The globulins are a family of globular proteins that have higher molecular weights than albumins and are insoluble in pure water but dissolve in dilute salt solutions. Some globulins are produced in the liver, while others are made by the immune system. Globulins, albumins, and fibrinogen are the major blood proteins. The normal concentration of globulins in human blood is about 2.6-3.5 g/dL.

The term "globulin" is sometimes used synonymously with "globular protein". However, albumins are also globular proteins, but are not globulins. All other serum globular proteins are globulins.

Types of globulins

All globulins fall into one of the following three categories : 
 Alpha globulins
 Beta globulins
 Gamma globulins (one group of gamma globulins is the immunoglobulins, which are also known as "antibodies")

Globulins can be distinguished from one another using serum protein electrophoresis.

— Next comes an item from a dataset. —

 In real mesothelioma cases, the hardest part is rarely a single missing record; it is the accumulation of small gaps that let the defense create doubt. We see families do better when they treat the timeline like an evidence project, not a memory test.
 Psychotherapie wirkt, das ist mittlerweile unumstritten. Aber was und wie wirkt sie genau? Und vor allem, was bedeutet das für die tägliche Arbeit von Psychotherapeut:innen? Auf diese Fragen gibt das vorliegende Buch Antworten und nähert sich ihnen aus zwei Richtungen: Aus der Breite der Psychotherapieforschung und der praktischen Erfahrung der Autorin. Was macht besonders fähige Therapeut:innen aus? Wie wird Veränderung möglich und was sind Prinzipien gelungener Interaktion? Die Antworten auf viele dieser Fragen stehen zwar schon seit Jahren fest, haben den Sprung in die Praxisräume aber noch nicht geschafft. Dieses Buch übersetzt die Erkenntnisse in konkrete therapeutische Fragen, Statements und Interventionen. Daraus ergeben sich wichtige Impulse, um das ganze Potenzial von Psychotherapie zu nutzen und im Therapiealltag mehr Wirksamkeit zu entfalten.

Globulins exert oncotic pressure. Their deficiency results in loss of carrier functions of globulins, oedema due to decreased oncotic pressure, and susceptibility to infections due to decreased gamma-globulins (immuno-globulins) leading to decreased production of antibodies.

Sizes ~ weights
Globulins exist in various sizes. The lightest globulins are the alpha globulins, which typically have molecular weights of around 93 kDa, while the heaviest class of globulins are the gamma globulins, which typically weigh about 1193 kDa. Being the heaviest, the gamma globulins are among the slowest to segregate in gel electrophoresis.

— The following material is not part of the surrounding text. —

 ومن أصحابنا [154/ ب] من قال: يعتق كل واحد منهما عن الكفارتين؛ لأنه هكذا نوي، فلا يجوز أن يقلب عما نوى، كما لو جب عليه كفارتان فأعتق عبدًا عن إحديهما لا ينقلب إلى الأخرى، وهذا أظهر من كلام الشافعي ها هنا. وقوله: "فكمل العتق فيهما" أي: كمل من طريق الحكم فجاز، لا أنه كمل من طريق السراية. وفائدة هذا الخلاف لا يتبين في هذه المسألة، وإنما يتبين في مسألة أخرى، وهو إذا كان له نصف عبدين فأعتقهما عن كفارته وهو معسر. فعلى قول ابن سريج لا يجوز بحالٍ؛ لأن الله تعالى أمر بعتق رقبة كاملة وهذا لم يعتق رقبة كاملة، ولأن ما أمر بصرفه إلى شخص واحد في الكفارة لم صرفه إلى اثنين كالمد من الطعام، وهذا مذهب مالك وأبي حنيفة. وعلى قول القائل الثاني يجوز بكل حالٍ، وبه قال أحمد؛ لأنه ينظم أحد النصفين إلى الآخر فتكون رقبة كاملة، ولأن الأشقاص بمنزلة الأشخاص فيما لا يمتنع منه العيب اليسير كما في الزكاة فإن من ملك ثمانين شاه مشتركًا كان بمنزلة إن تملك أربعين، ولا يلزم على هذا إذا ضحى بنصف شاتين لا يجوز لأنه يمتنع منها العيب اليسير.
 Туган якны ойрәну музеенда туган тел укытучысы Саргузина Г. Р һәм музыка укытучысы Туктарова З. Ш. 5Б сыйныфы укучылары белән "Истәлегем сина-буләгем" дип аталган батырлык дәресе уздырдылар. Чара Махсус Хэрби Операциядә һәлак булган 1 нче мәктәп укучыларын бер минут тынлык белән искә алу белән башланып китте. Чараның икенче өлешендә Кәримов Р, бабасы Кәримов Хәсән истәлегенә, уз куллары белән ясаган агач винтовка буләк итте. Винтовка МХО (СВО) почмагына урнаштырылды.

The immunologically active gamma globulins are also called "immunoglobulins" or "antibodies".

Human blood plasma levels
The normal concentration of globulins in human blood is about 2.3-3.6 g/dL.

Nonhuman globulins

Globulin proteins exist not only in other animal species, but also in plants. Vicilin and legumin, from peas and other legumes, function as protein storage within seeds. These proteins can cause allergic reactions if they bind with human IgE antibodies.

Pseudoglobulins and euglobulins

Pseudoglobulins are a class of globulins that are more soluble in ammonium sulfate than euglobulins. Pseudoglobulins are also soluble in pure water, while euglobulins are not.